WORK INSTRUCTIONS: Include no pictures. Output exactly the lines from the one that contains "Relaxed fit trouser" through the final line of the entries.
━━━━━━━━
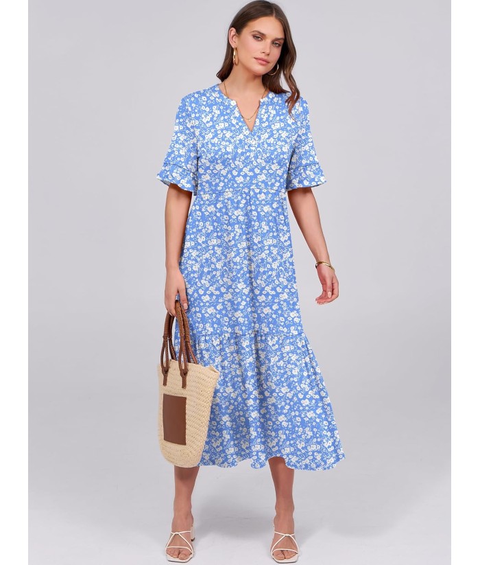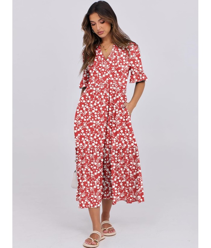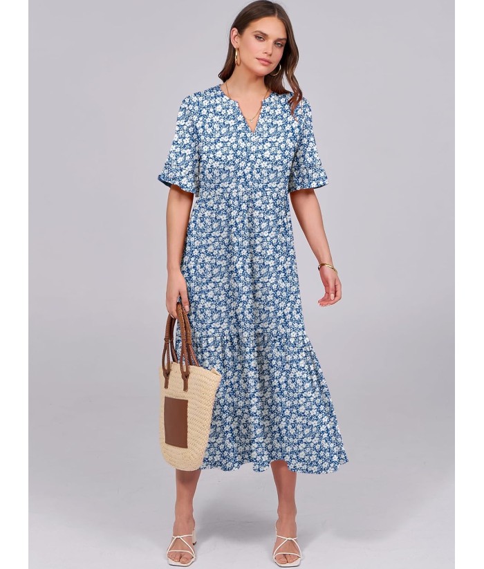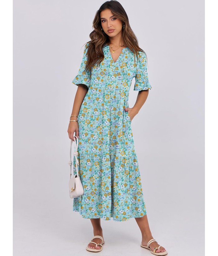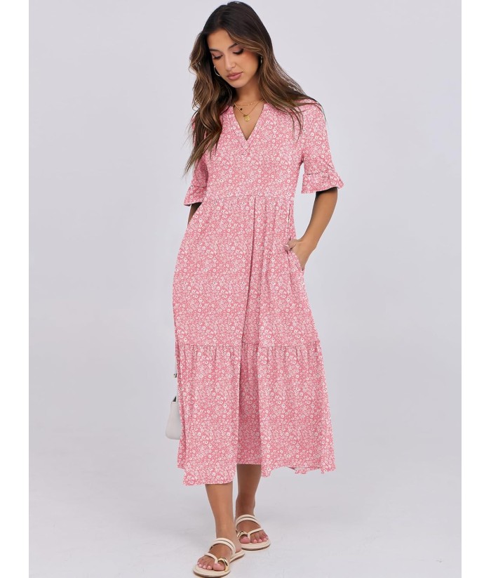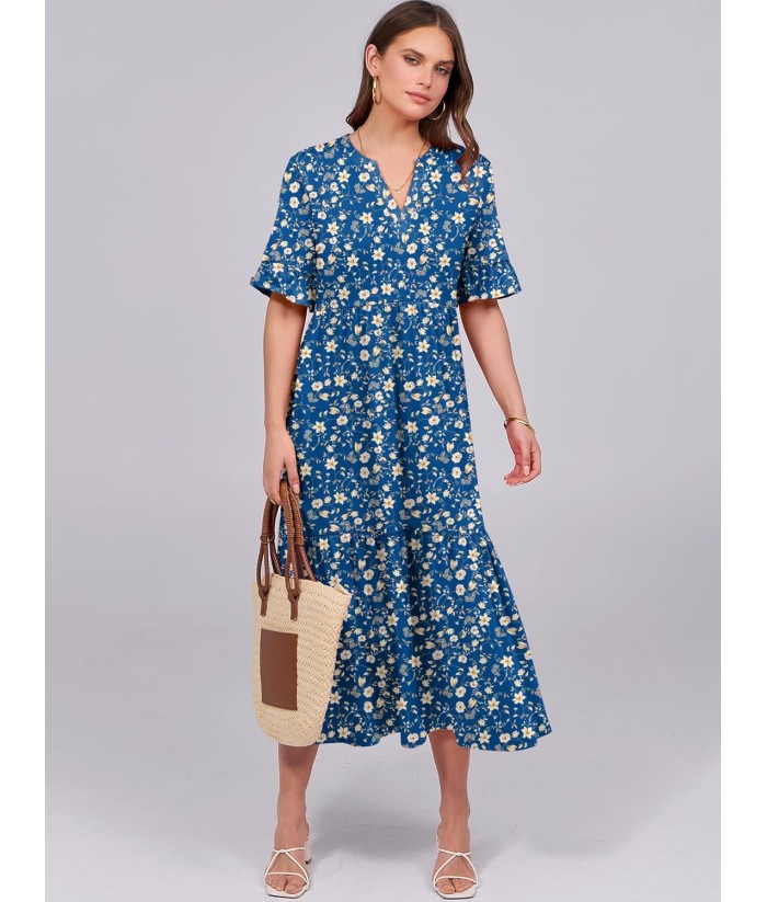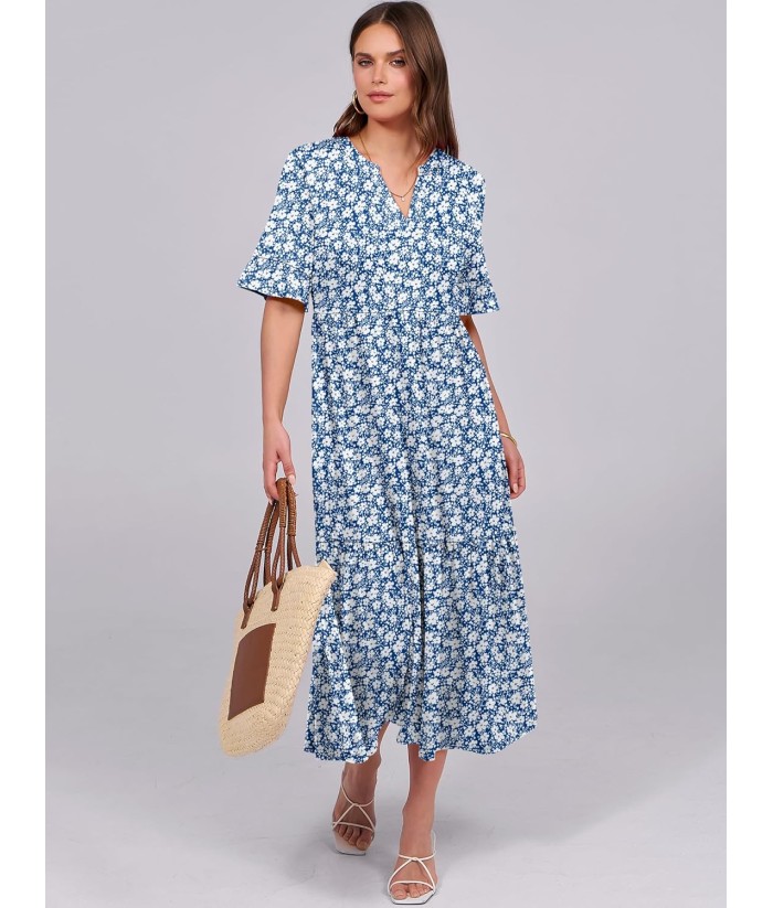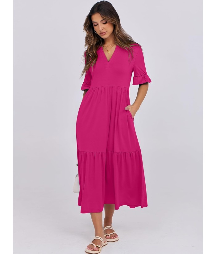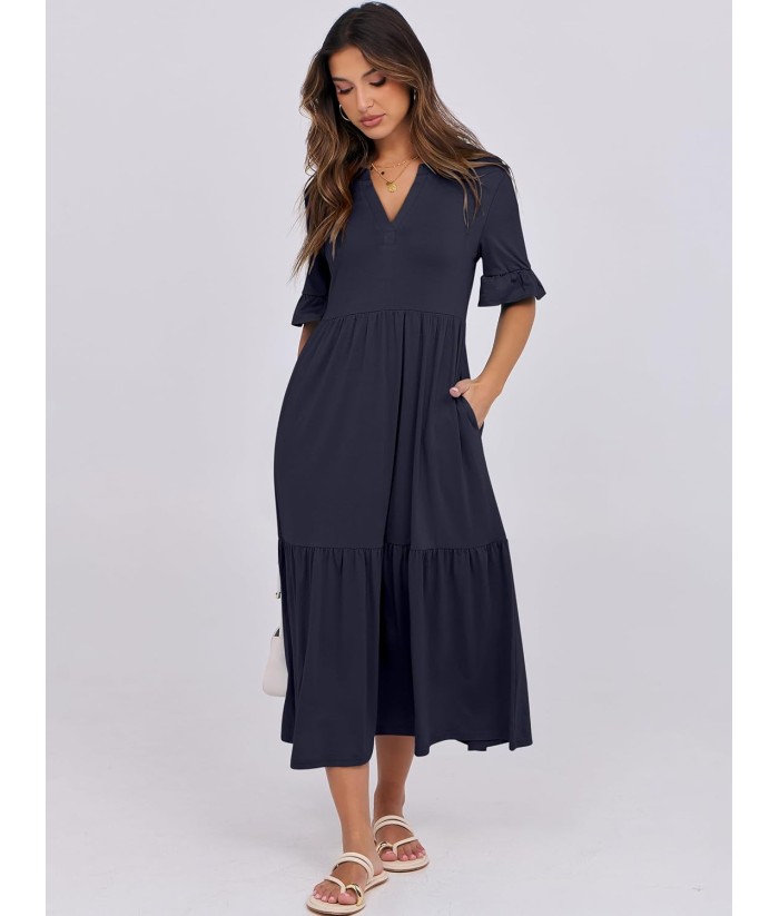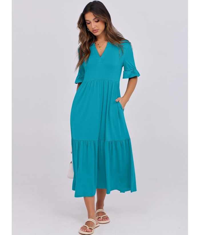 ANRABESS Women's Casual Summer Ruffle Short Sleeve T Shirts Maxi Dress 2025 Fall V Neck Flowy Tiered Boho Beach Dresses
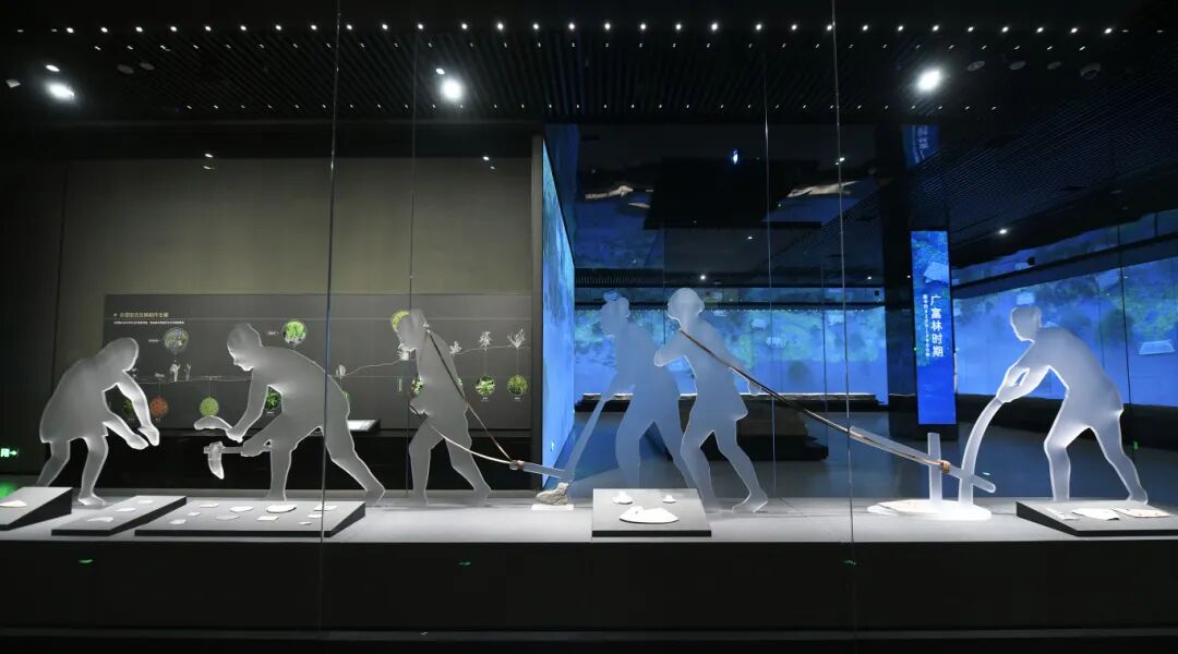 在“水乡”单元,借助丰富的图版和直观的岩芯模型,观众可以清晰地了解到临平地区在万年前至4000年前,古地貌如何从波涛汹涌的海湾、潮滩逐步演变为适宜人类居住的滨海平原。同时,还能深入了解当时温暖湿润的气候条件和丰富多样的生态环境,是如何为早期文明的孕育和发展提供得天独厚的条件。
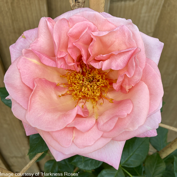 Rosa ‘Sweet Syrie’ ‘Climber’. A compact climbing rose that produces beautiful pink blooms that fade to apricot at the centre. Strong fragrance. Repeat flowering often flowering in clusters of up to 5 blooms. Ht: 2.5m x 2.5m
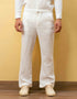 Relaxed fit trouser in textured fabric with cross side pockets and adjustable waistband and drawstrings. And a non-functional flyer on the front.
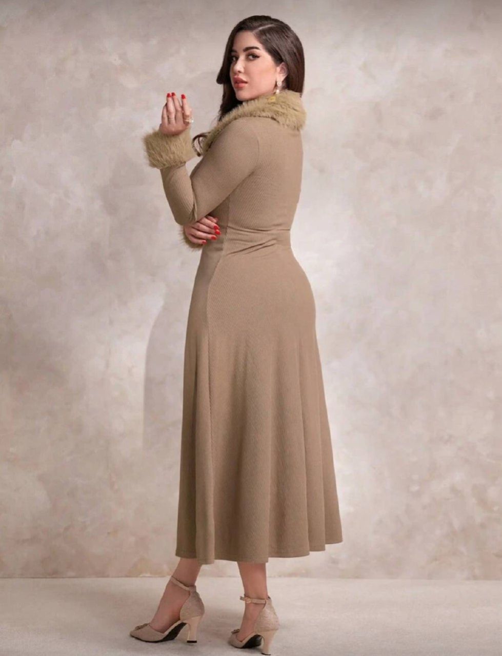 0 Review Of Product Modelyn فستان سهرة طويل للنساء، مصنوع من صوف مخلوط، ذو ياقة مفحة، بأسلوب عربي أنيق
━━━━━━━━
WRITTEN ANSWER:
 Relaxed fit trouser in textured fabric with cross side pockets and adjustable waistband and drawstrings. And a non-functional flyer on the front.
 0 Review Of Product Modelyn فستان سهرة طويل للنساء، مصنوع من صوف مخلوط، ذو ياقة مفحة، بأسلوب عربي أنيق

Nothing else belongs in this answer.